Went on the **** yesterday down the Thames watching the London Marathon. Met a mate at the finish line and went for a few beers as you do. Come about 9 o clock and about 12 pints later I can hardly speak - My pal took me home. My missus is ****** at me and puts me to bed. At about 11.30 I get up and try to take a sh*t in the laundry basket, she screams at me and marches me to the toilet. I then somehow take a wrong turn out of the toilet go downstairs to my downstairs neighbours house open the front door go down their stairs and into their bed and go to sleep. My missus wakes up when my neighbours come home from the pub and the wife is screaming to her husband that a strange man is sleeping in their bed. My missus comes rushing down and finds me curled up in my neighbours bed with them freaking out trying to wake me up. Lisa has to pull me up with me in just my boxers and take me back upstairs. This morning I wake up and luckily find a note on my door from the woman downstairs saying please don't be embarrassed it was the funniest thing that has ever happened to them in the whole time they had lived there. So do you think a bottle of wine and an apology cover this
Well Katie you see blokes say things they dont mean but if its to another bloke they no wnker means nothing but women seem to take offence and it will be removed soon anyway some dxcs reported me lol
When my bf was with his wife he had a night out on the lash and drunk god knows how many pints of guinness. He had to sleep over that night at his wife's parents' house. In the middle of the night he felt the urge to go to the loo but woke up not remembering where he was..needless to say he didnt make it to the loo in time and ended up leaving 'guinness footprints' of poo all along their hall landing on their white carpet into the bathroom!
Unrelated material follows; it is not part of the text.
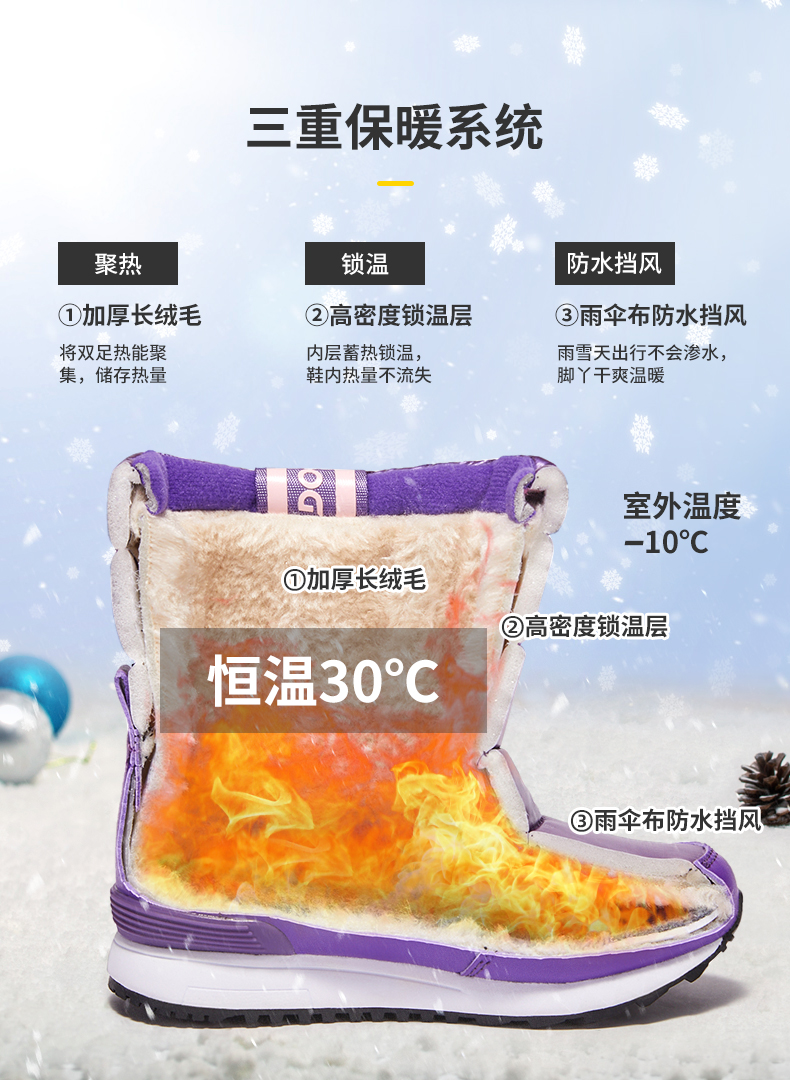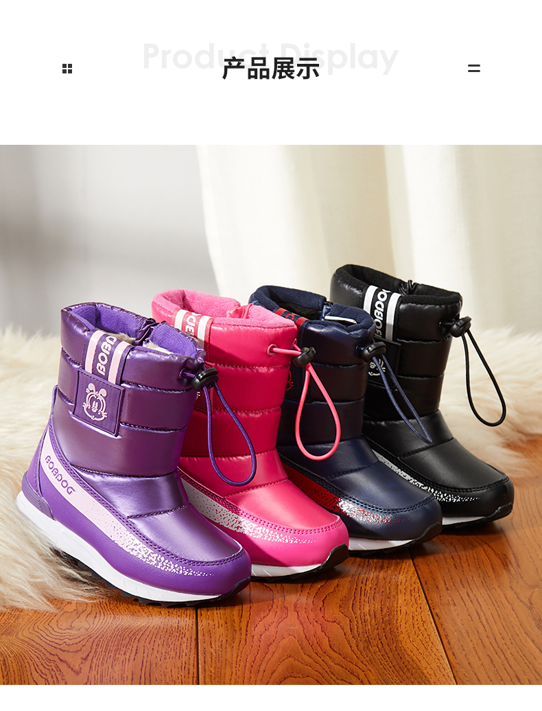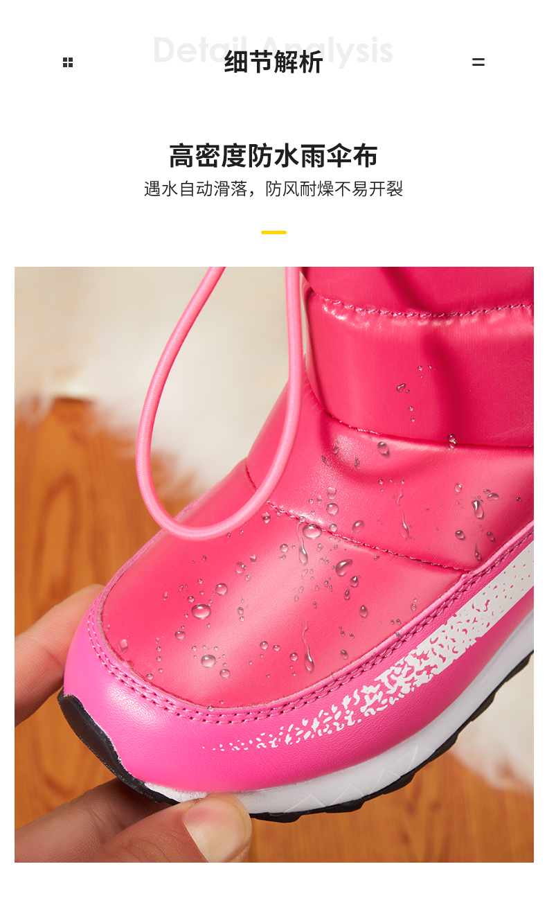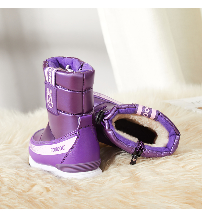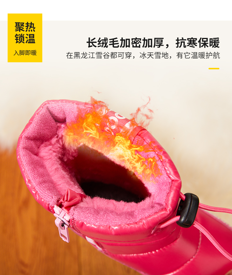巴布豆house儿童雪地靴女童冬季加绒加厚防水男童棉鞋防滑保暖靴

He was so ashamed he legged it there and then and drove home with it all down his legs....his wife had to say that it was her that did it to save his shame....he never faced the parents again.
but why do men have this need to pee anywhere they fancy when they are drunk? You don't catch women going into wardrobes and laundry baskets after a skin full do you? why is that, anyone know? Its not a dig at blokes, just curious as to why thast all!
Good luck with the apoplogies Mr Tall!!!! LOL
good Q jules - my ex peed in his sock drawer one night after being out on the lash and then wondered why all his pants and socks were wet the next day.
i've always managed to get to the loo no matter how trollied i am.
They have 2 teenage sons who were asleep and like me they have 2 chubb locks on their front door and no yale type lock so when unlocked you can just push the door open.